Problem — With the pictures left out, restate exactly the part below that opens with the line containing "Contra-filé grelhado suculento" and closes with the line containing "Unique geometric shape, premium".

Records for this task —
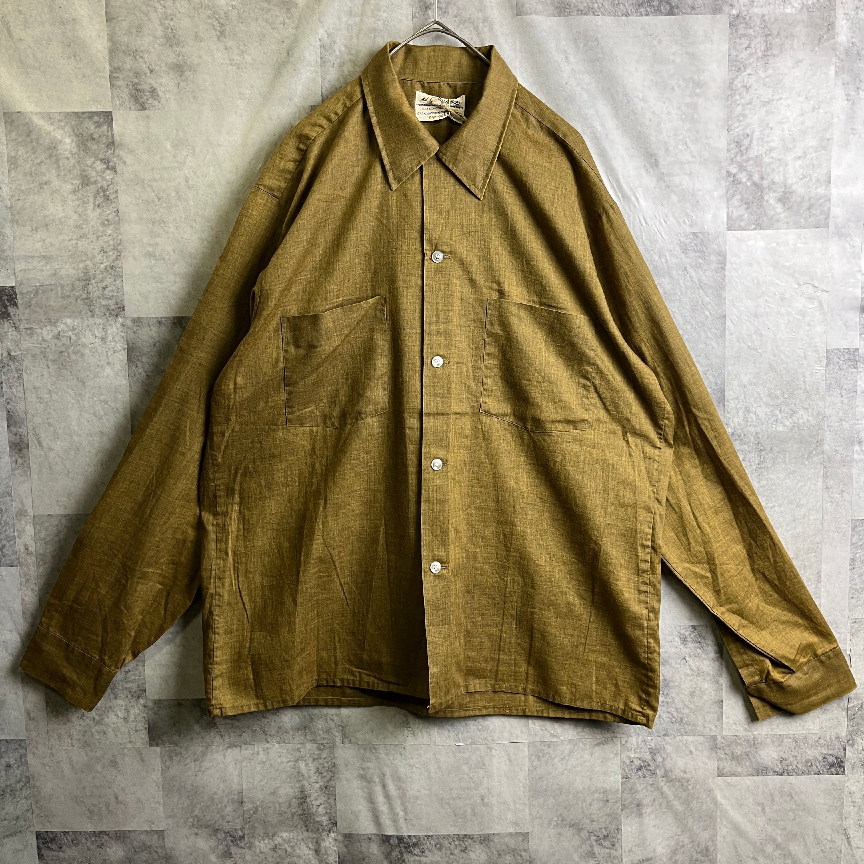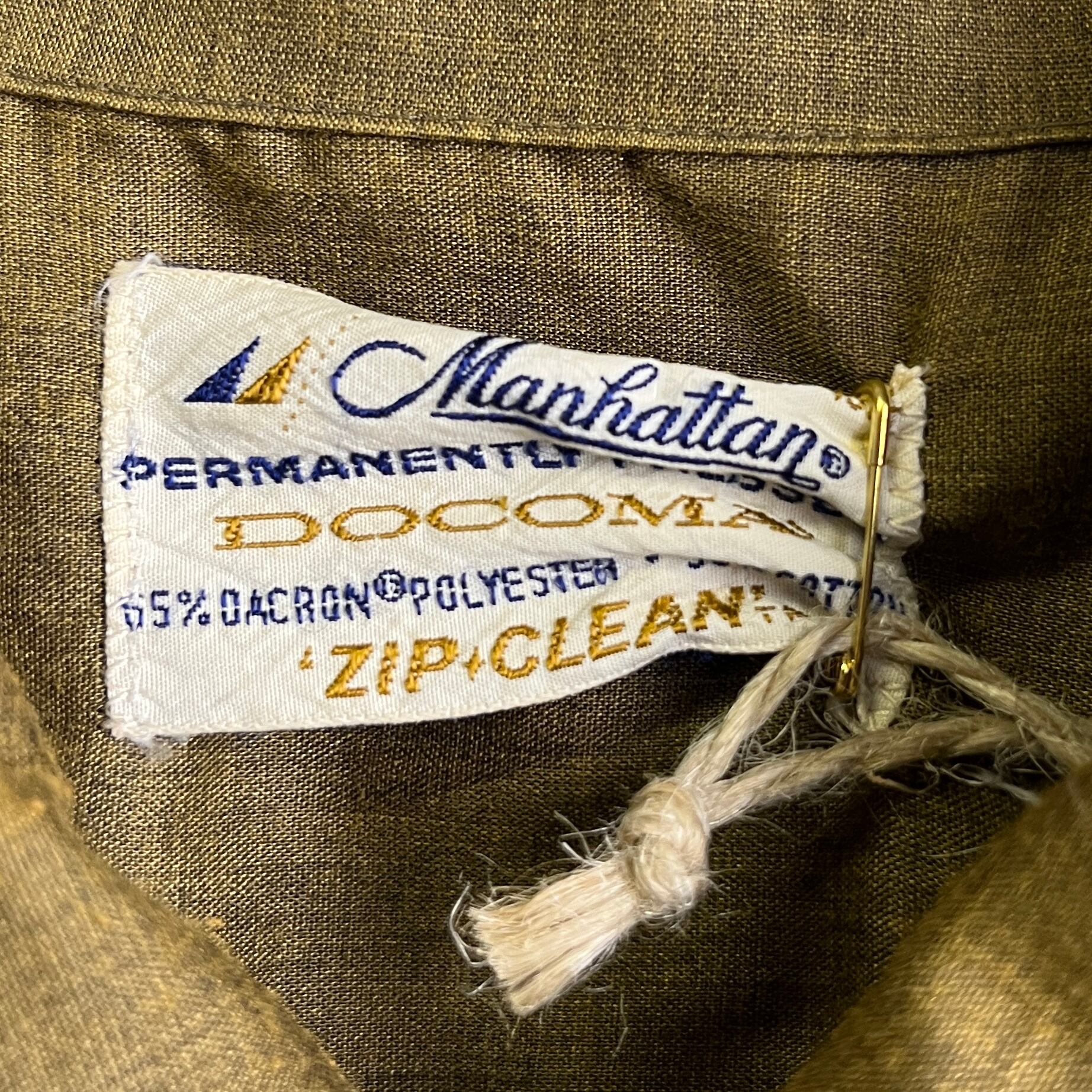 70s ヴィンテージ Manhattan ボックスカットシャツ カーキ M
==
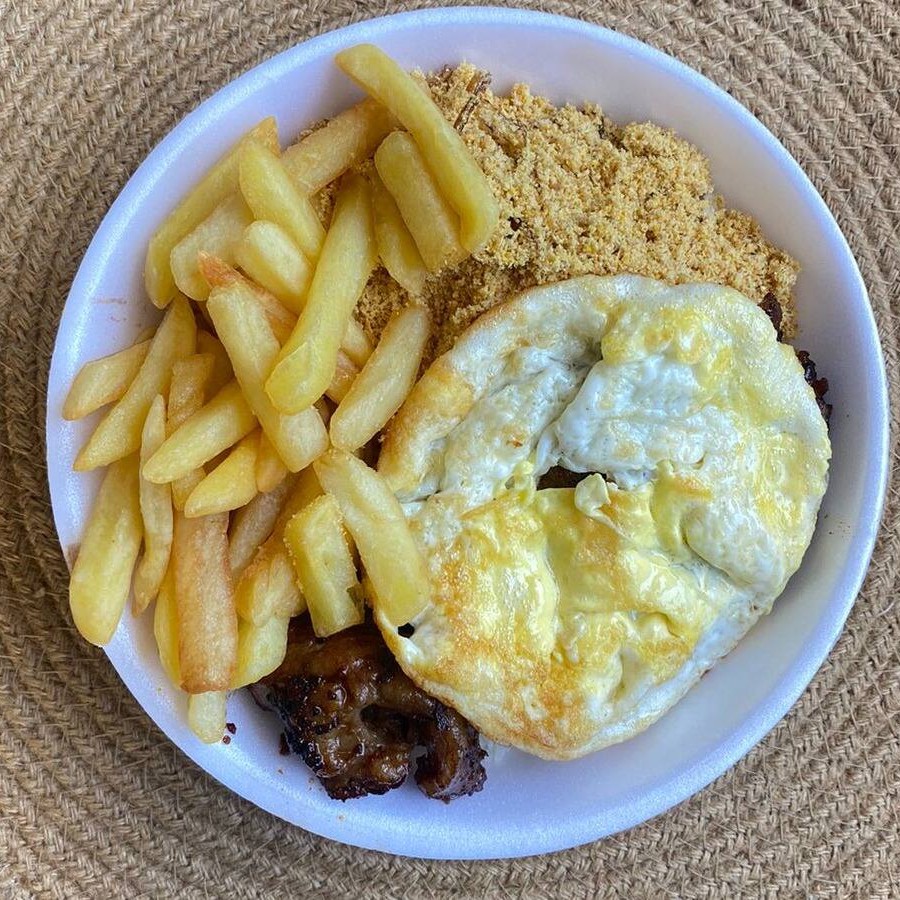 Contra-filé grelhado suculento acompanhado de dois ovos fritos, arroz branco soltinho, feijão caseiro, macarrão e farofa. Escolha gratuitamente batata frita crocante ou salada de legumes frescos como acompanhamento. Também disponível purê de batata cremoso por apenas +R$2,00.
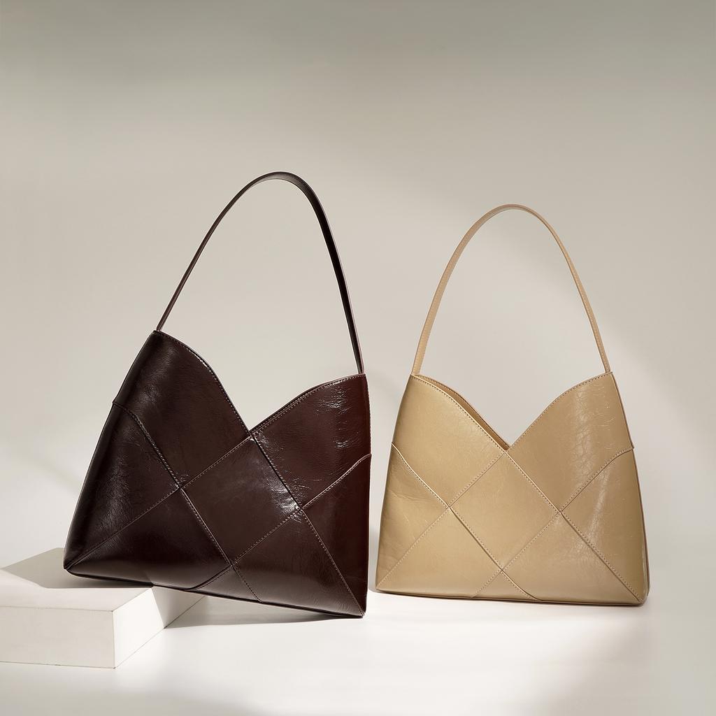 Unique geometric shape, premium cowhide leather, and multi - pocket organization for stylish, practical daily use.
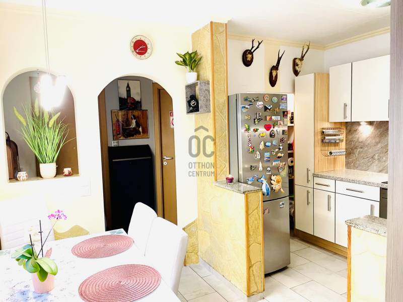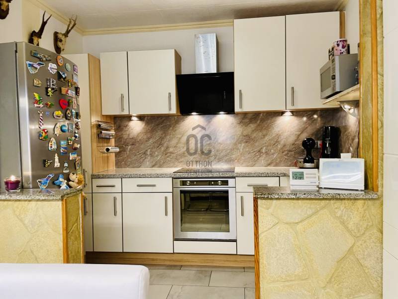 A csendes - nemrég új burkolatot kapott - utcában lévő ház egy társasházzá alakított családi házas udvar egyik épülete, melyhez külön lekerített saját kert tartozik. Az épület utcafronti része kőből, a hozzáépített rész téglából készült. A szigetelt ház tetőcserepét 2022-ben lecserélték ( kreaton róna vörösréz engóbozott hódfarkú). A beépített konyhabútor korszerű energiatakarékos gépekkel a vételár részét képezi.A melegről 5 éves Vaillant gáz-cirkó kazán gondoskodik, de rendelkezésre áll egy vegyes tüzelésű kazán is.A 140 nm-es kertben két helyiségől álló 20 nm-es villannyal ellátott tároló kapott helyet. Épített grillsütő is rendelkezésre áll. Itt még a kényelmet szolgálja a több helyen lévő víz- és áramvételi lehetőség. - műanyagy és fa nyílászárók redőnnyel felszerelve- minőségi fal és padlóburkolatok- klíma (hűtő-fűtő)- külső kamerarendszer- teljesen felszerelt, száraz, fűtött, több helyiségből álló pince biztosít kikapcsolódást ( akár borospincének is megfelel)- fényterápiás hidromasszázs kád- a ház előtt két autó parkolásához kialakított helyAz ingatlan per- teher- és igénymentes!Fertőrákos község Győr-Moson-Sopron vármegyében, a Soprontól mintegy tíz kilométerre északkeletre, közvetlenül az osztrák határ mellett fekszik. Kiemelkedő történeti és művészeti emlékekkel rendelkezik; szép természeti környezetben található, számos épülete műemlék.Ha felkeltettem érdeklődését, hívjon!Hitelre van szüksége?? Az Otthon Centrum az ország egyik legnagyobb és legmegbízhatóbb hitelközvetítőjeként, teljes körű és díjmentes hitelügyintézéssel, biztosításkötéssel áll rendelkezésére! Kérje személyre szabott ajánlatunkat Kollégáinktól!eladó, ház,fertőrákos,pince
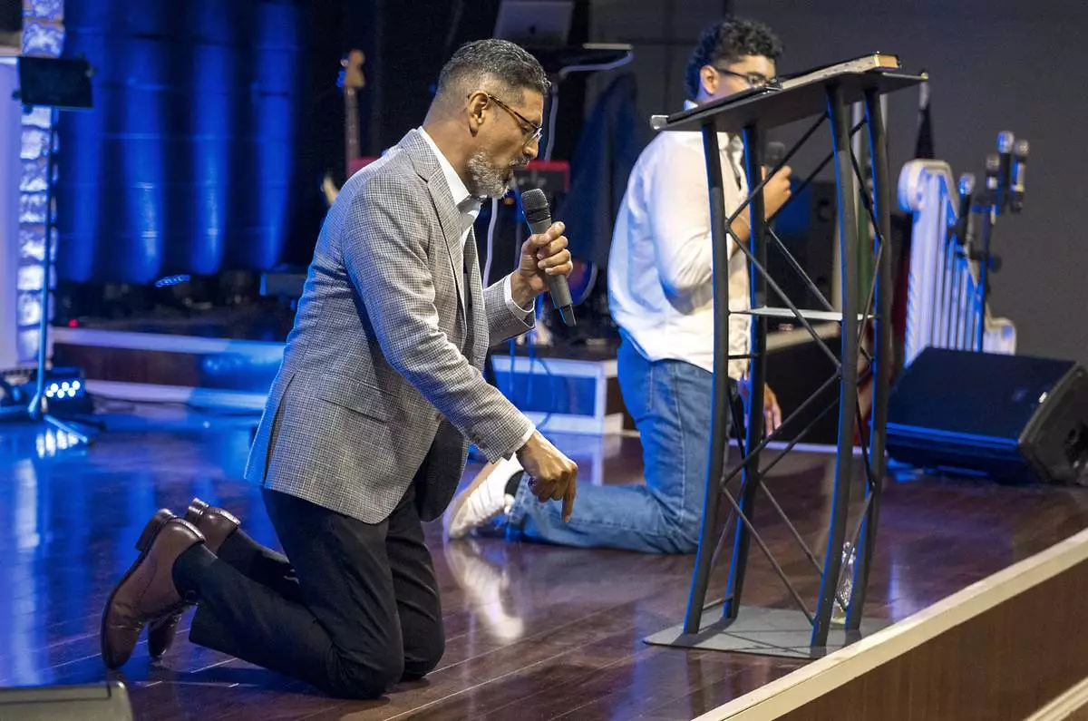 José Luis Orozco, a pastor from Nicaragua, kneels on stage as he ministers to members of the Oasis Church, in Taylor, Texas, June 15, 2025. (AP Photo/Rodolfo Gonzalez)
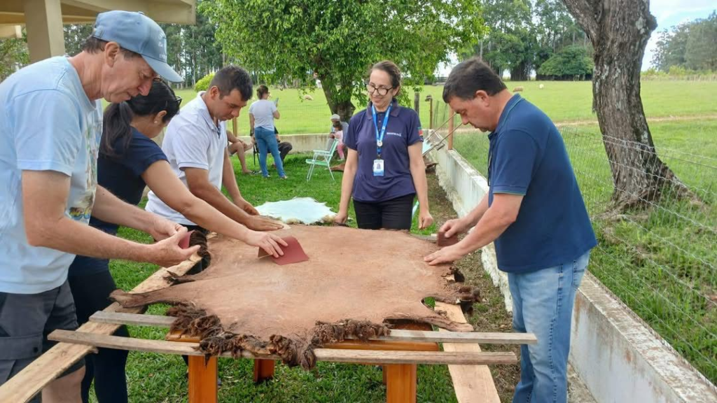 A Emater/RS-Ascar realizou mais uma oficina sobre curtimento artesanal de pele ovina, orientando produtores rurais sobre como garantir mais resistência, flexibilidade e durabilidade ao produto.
==
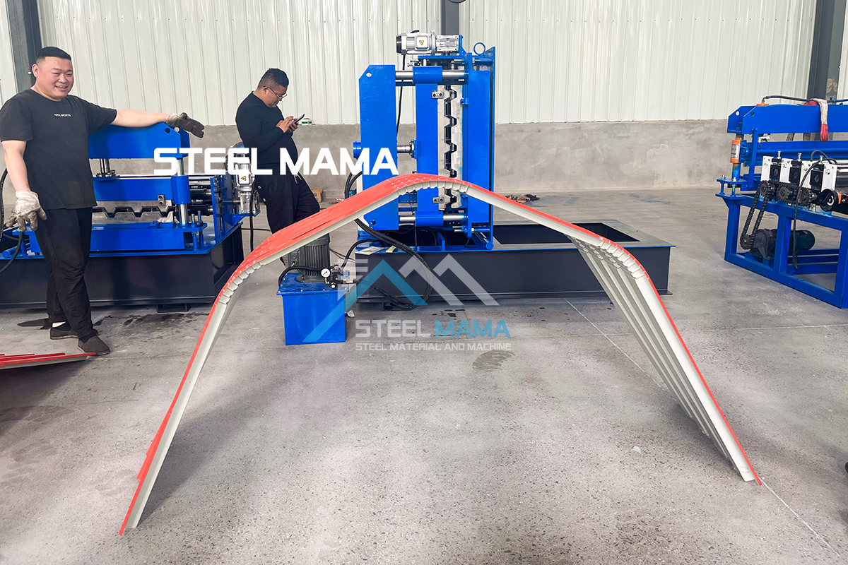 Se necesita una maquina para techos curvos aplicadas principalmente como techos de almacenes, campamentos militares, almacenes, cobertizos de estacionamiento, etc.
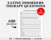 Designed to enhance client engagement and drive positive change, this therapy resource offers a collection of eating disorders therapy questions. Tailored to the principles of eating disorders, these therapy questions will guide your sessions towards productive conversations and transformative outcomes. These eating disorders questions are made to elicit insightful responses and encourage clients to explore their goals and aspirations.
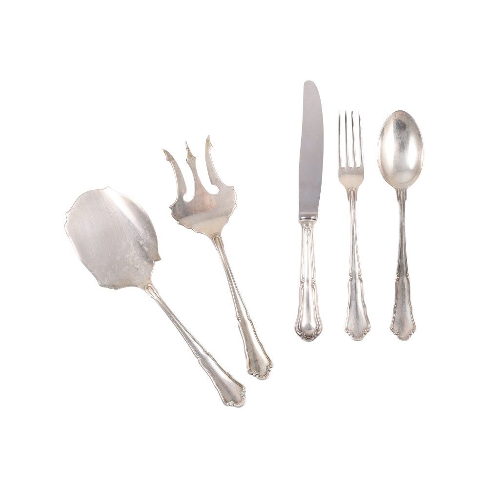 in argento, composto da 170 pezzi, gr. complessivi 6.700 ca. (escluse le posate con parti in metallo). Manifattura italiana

Exercise output —
 Contra-filé grelhado suculento acompanhado de dois ovos fritos, arroz branco soltinho, feijão caseiro, macarrão e farofa. Escolha gratuitamente batata frita crocante ou salada de legumes frescos como acompanhamento. Também disponível purê de batata cremoso por apenas +R$2,00.
 Unique geometric shape, premium cowhide leather, and multi - pocket organization for stylish, practical daily use.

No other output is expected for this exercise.